Volunteers can save lives
Shortly after Christmas we had a first-hand experience with the Tidioute Volunteer Fire Department.
Our home is equipped with a carbon monoxide alarm and on the evening of December 26, 2012, it activated. After calling 911 the Tidioute Volunteer Fire Department quickly responded.
In the midst of a snowstorm, five gentleman (Mark Vasley, Corey Nicholson, Chris Morgan, Nathan Brown and Jonathan Brown) left their families and negotiated their equipment to our home to provide assistance. In their “space suits,” they determined we had lethal carbon monoxide levels in our home. They professionally vented the house and determined the source of the problem. They also contacted Jack and Shawn Fulkman who responded and assisted at the scene. Paul and Kathy Matie, best neighbors that they are, provided temporary shelter for our family.

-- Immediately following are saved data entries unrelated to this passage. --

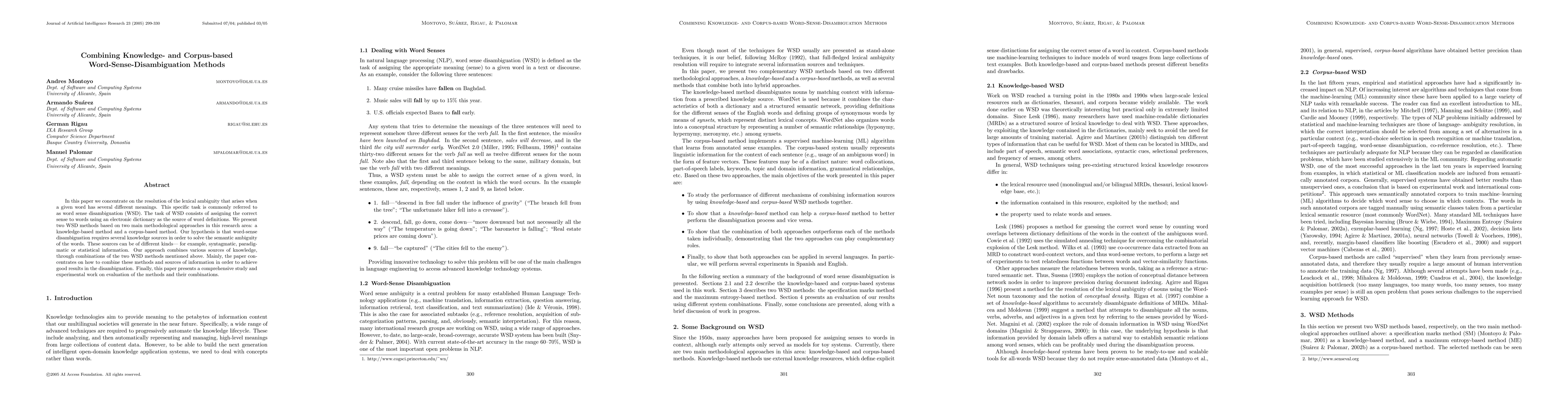 This paper explores combining knowledge-based and corpus-based methods for word sense disambiguation (WSD), aiming to leverage multiple sources of information to resolve lexical ambiguity. The study evaluates the effectiveness of integrating these approaches through experimental analysis.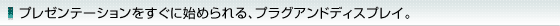 外部ディスプレイに接続するだけで、自動的に適正な解像度で出力できる、プラグアンドディスプレイを搭載。プロジェクターを使用したプレゼンテーションをスムーズに開始できます。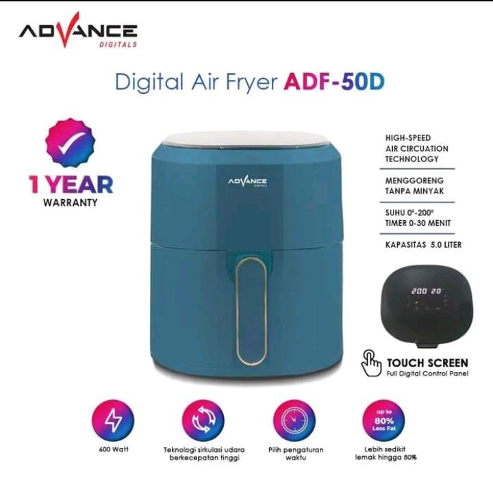 ADVANCE Air fryer Digital hemat listrik ADF-50D 5L air friyer mesin penggoreng anti lengket Garansi Resmi 100% ORI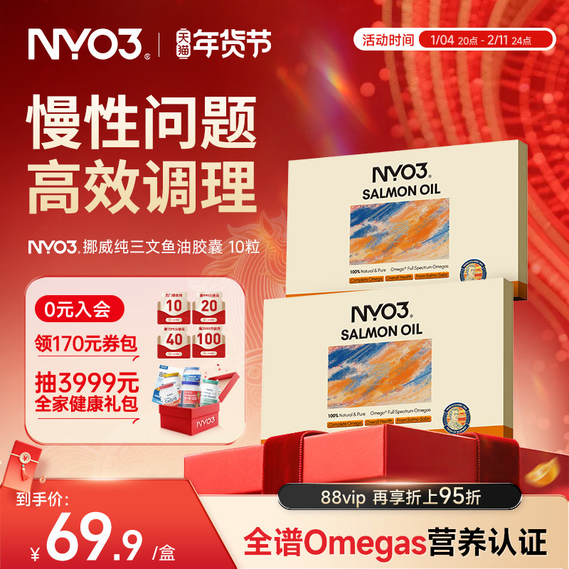 NYO3挪威进口97%高纯度三文鱼油成人心血管养护10粒omega3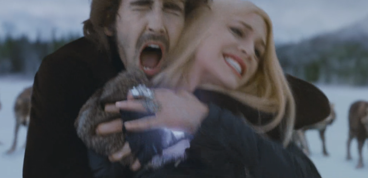 MTV is hosting 15 images from the new trailer. These images include still shots of Renesmee, Aro, Bella and Edward, and that awesome kick from Bella at the end of the trailer. Here are a few more images that they don’t feature for those of you needing more! Jane is first with some new make-up. Garrett and Kate are shown in the final battle. And third is an unknown vampire that I’m going to guess is Henri from the French coven. He is chasing Jacob in wolf form carrying Nessie on his back. If anyone can get a good screen grab of the Romanian coven dropping out of the trees, let me know! I’m not having any luck.

My purpose in writing is twofold: First, to express a sincere thank you to all those involved in helping avoid what could have been a catastrophe, and second, to urge everyone to get and maintain detection and warning devices for carbon monoxide, smoke, and other potential hazards. Once you have them, make sure you maintain them well and keep them in service.
Until something like this happens, we usually don’t realize how important our volunteer groups are and how critical detection instruments can be in our lives.